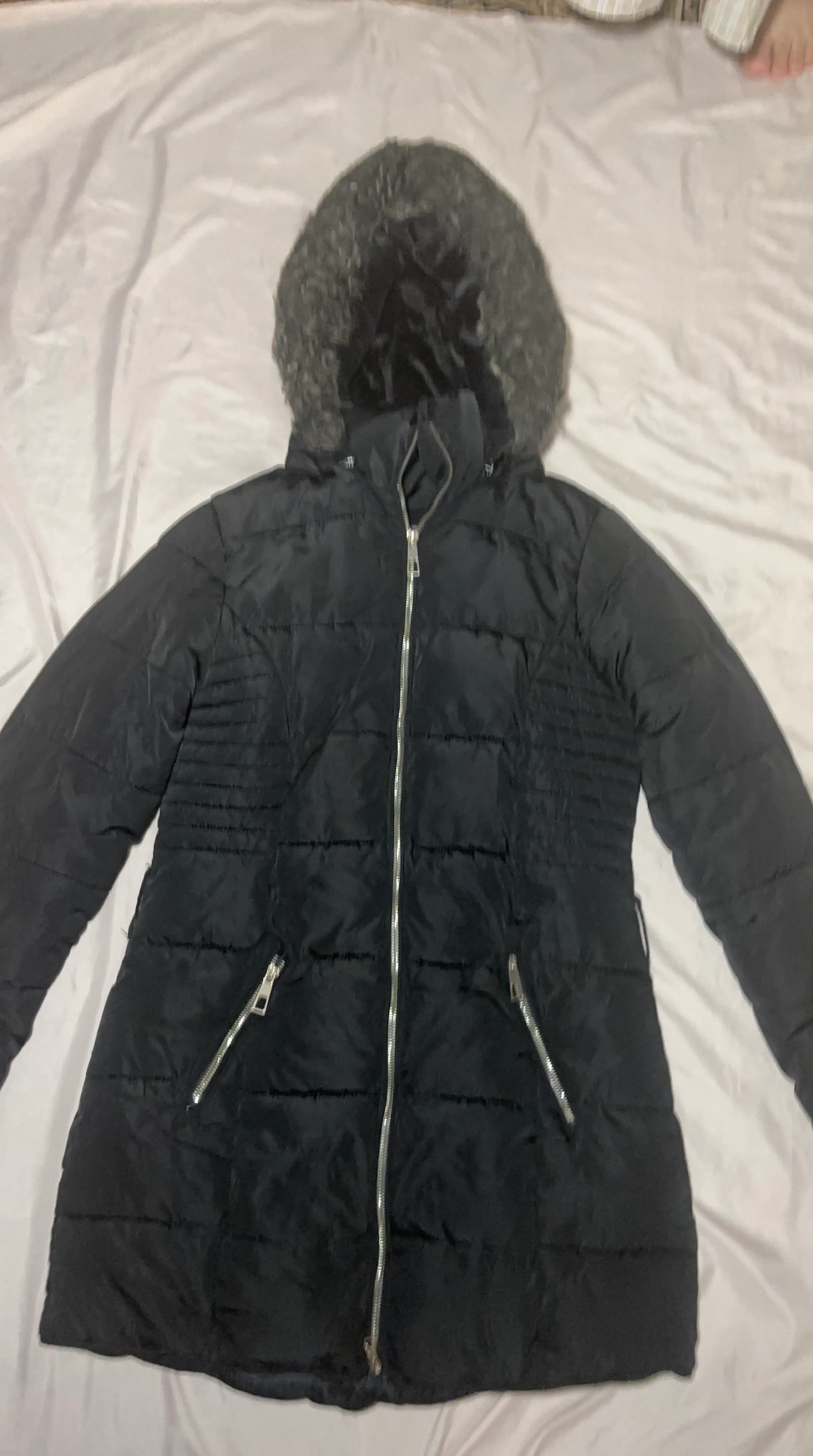 This black puffer jacket features a cozy faux fur-lined hood and a full zip-up front. It has two zippered hand pockets on the front. Its quilted design offers warmth and style for cooler weather.
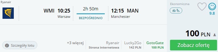 Bezpośrednio do Manchesteru możemy dolecieć w dniu meczu z Krakowa za 182 zł REZERWUJ ==== > lub Warszawy za 100 zł REZERWUJ ==== >
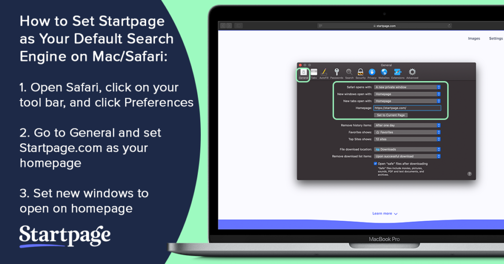 How to Make Startpage Your Default Search Engine: Safari > Preferences > General Tab > Enter startpage.com in the Homepage Field > Update new window and new tabs to open with Homepage
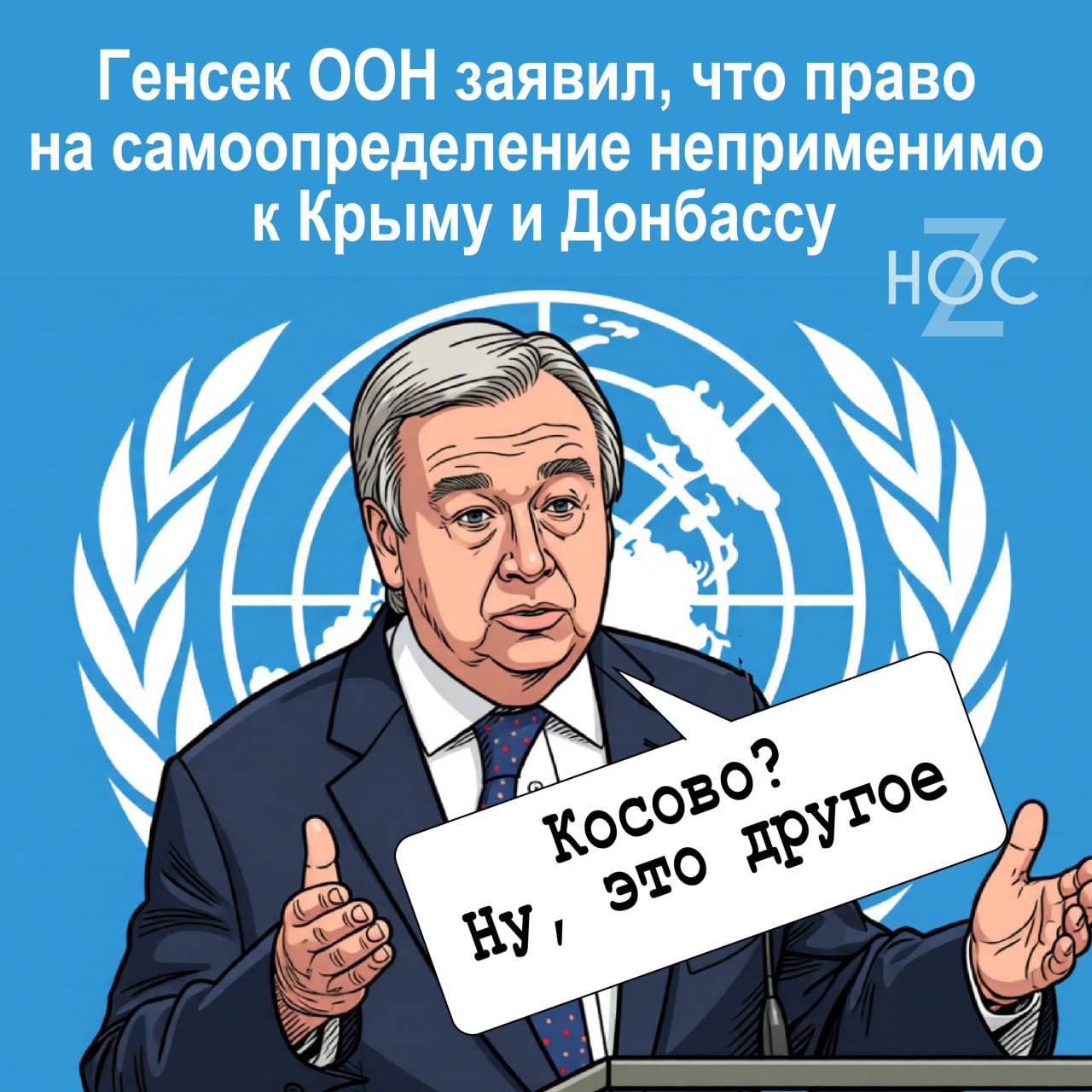 Отвечая на запрос России, генсек ООН Гутерреш заявил, что, по заключениююридической службы Секретариата, к Крыму и Донбассу, в отличие от Гренландии (читай - и Косово) принцип самоопределения народов неприменим.Напомню, что принцип самоопределения...
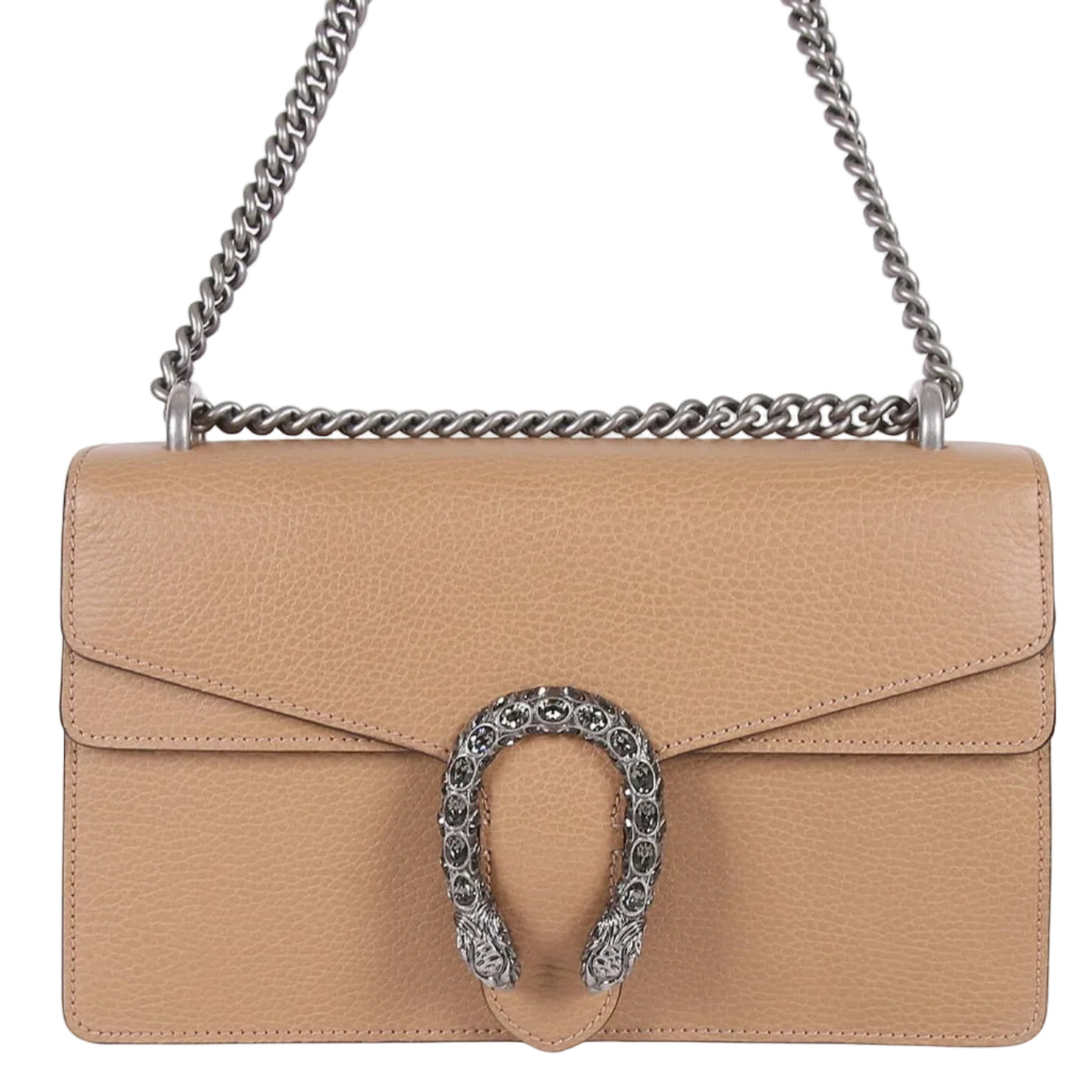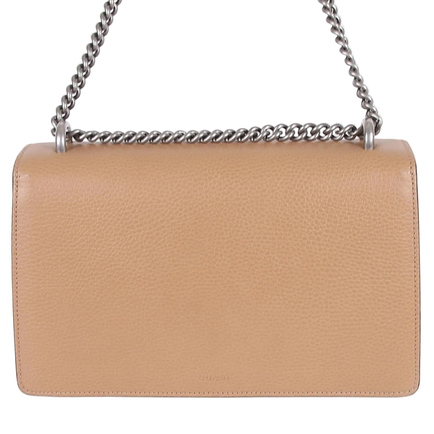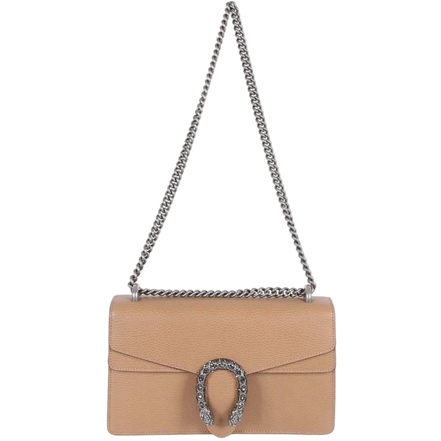 Pre-Loved Gucci embellished Dionysus shoulder bag in camel leather, crystal Dionysus accent, antiqued silver-tone hardware, chain link shoulder strap, canvas lining, 2 compartments, single zip interior pocket, push lock closure at front.
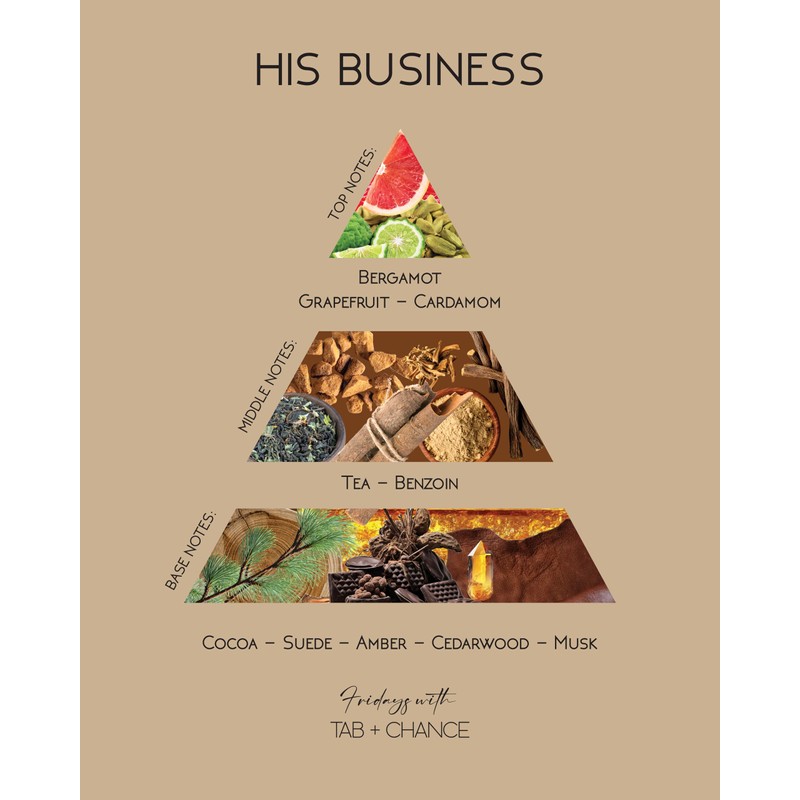 - Top Notes- Bergamot, Grapefruit, Cardamom Middle Notes - Tea, Benzoin Base Notes - Cocoa, Suede, Amber, Cedar wood, Musk
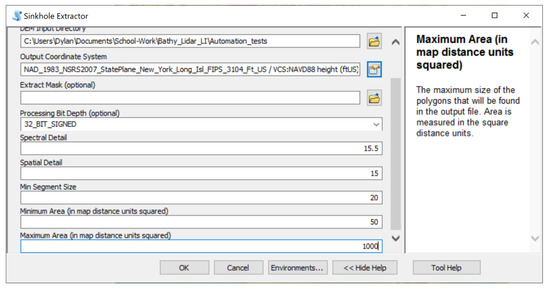 Chosen parameters for inverse depression analysis using the sinkhole extractor tool in the Sinkhole Extraction Analyst Toolbox [83,84].
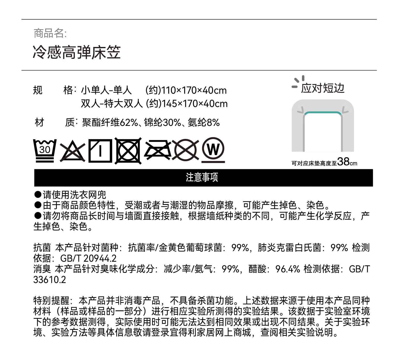 NITORI宜得利家居 夏季床上用品凉感床单冷感高弹力床笠席梦思保护套
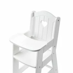 - Made to fit dolls up to 20 inches tall, this durable white chair stands approximately 18 inches tall and features a removable tray and wipe-clean surface
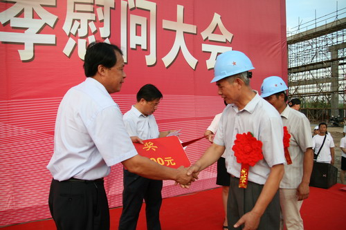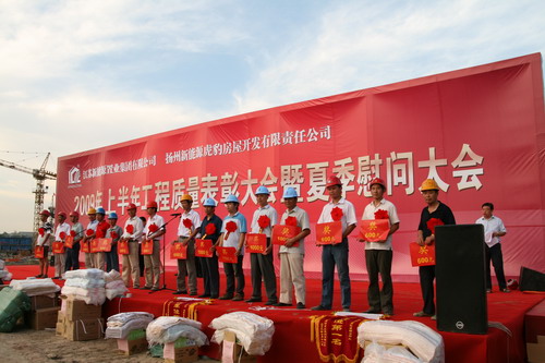 开云网页版页面登录;2009年上半年工程质量表彰大会暨夏季慰问大会7月20日在阳光美第工地举行,和美第、豪第坊、花样年华3个项目的8个先进单位、8 个先进班组和30个先进个人受到了表彰。同时,江苏开云网页版页面登录置业集团有限公司和扬州开云网页版页面登录虎豹房屋开发有限公司的负责同志向所有奋战在开云网页版页面登录;工地的一线建设者发放了夏季慰问用品。23位业主在大会现场受聘担任阳光美第兼职监理员,并接受了开云网页版页面登录虎豹公司颁发的聘书。
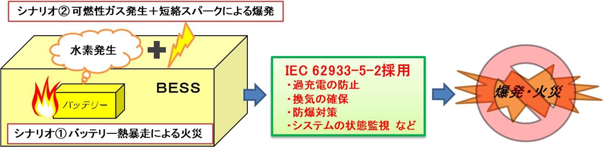 BESSは、再生可能エネルギーの利用拡大に向けて、太陽光発電や風力発電の出力変動に伴う調整力として普及が期待される。その一方、国際的に統一されたBESSの安全基準は未整備の状態であり、実際に火災などの事故が世界各地で発生しているという。
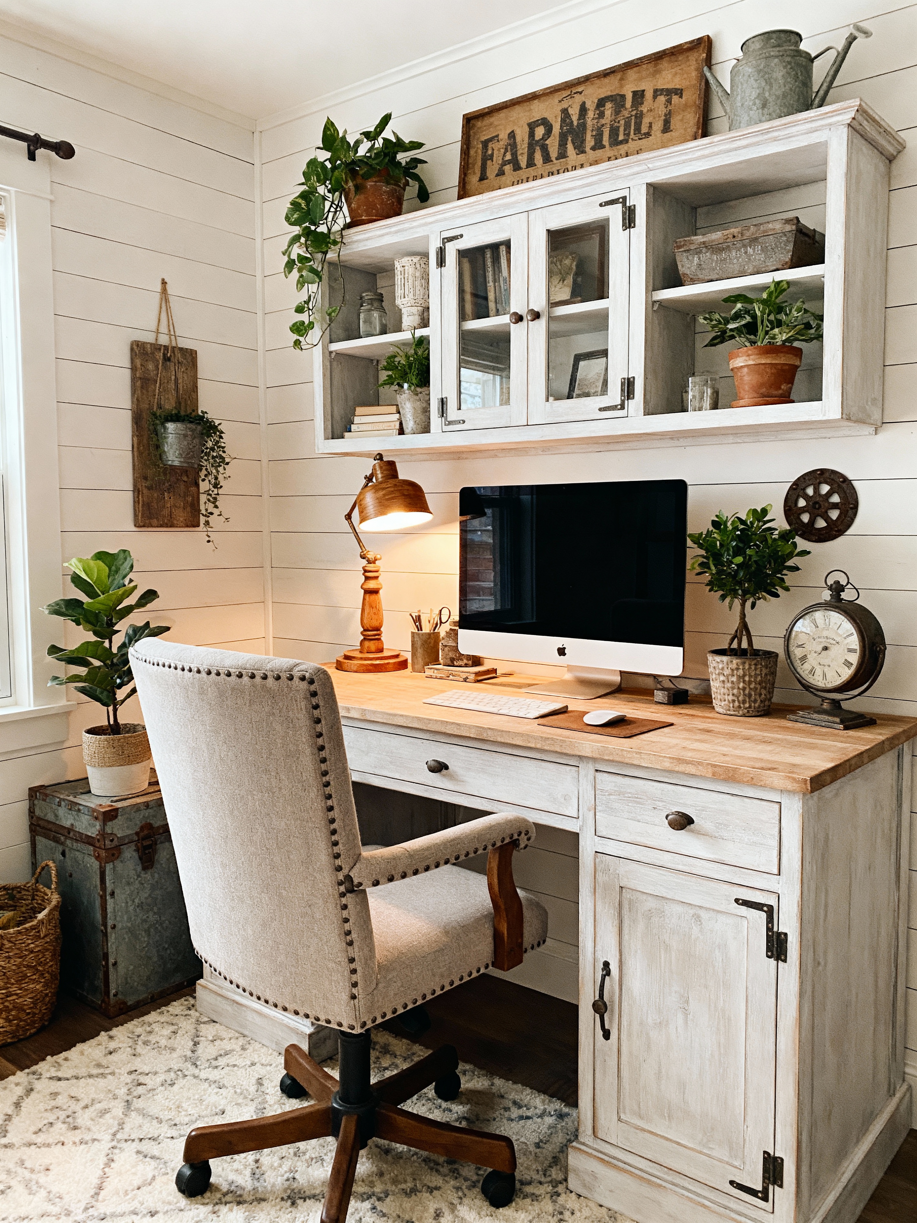 home office with farmhouse style with desk lamp and office chair and cabinets and computer desk and plant and desk lamp. . with cozy feel and open shelving and natural textures and vintage decor and country style and neutral tones and industrial accents and shiplap walls

(Instructions to follow): Keep each line of the records exactly as it is while transcribing them, but leave the images behind.

(Exercise output):
 This black puffer jacket features a cozy faux fur-lined hood and a full zip-up front. It has two zippered hand pockets on the front. Its quilted design offers warmth and style for cooler weather.
 Bezpośrednio do Manchesteru możemy dolecieć w dniu meczu z Krakowa za 182 zł REZERWUJ ==== > lub Warszawy za 100 zł REZERWUJ ==== >
 How to Make Startpage Your Default Search Engine: Safari > Preferences > General Tab > Enter startpage.com in the Homepage Field > Update new window and new tabs to open with Homepage
 Отвечая на запрос России, генсек ООН Гутерреш заявил, что, по заключениююридической службы Секретариата, к Крыму и Донбассу, в отличие от Гренландии (читай - и Косово) принцип самоопределения народов неприменим.Напомню, что принцип самоопределения...
 Pre-Loved Gucci embellished Dionysus shoulder bag in camel leather, crystal Dionysus accent, antiqued silver-tone hardware, chain link shoulder strap, canvas lining, 2 compartments, single zip interior pocket, push lock closure at front.
 - Top Notes- Bergamot, Grapefruit, Cardamom Middle Notes - Tea, Benzoin Base Notes - Cocoa, Suede, Amber, Cedar wood, Musk
 Chosen parameters for inverse depression analysis using the sinkhole extractor tool in the Sinkhole Extraction Analyst Toolbox [83,84].
 NITORI宜得利家居 夏季床上用品凉感床单冷感高弹力床笠席梦思保护套
 - Made to fit dolls up to 20 inches tall, this durable white chair stands approximately 18 inches tall and features a removable tray and wipe-clean surface
 开云网页版页面登录;2009年上半年工程质量表彰大会暨夏季慰问大会7月20日在阳光美第工地举行,和美第、豪第坊、花样年华3个项目的8个先进单位、8 个先进班组和30个先进个人受到了表彰。同时,江苏开云网页版页面登录置业集团有限公司和扬州开云网页版页面登录虎豹房屋开发有限公司的负责同志向所有奋战在开云网页版页面登录;工地的一线建设者发放了夏季慰问用品。23位业主在大会现场受聘担任阳光美第兼职监理员,并接受了开云网页版页面登录虎豹公司颁发的聘书。
 BESSは、再生可能エネルギーの利用拡大に向けて、太陽光発電や風力発電の出力変動に伴う調整力として普及が期待される。その一方、国際的に統一されたBESSの安全基準は未整備の状態であり、実際に火災などの事故が世界各地で発生しているという。
 home office with farmhouse style with desk lamp and office chair and cabinets and computer desk and plant and desk lamp. . with cozy feel and open shelving and natural textures and vintage decor and country style and neutral tones and industrial accents and shiplap walls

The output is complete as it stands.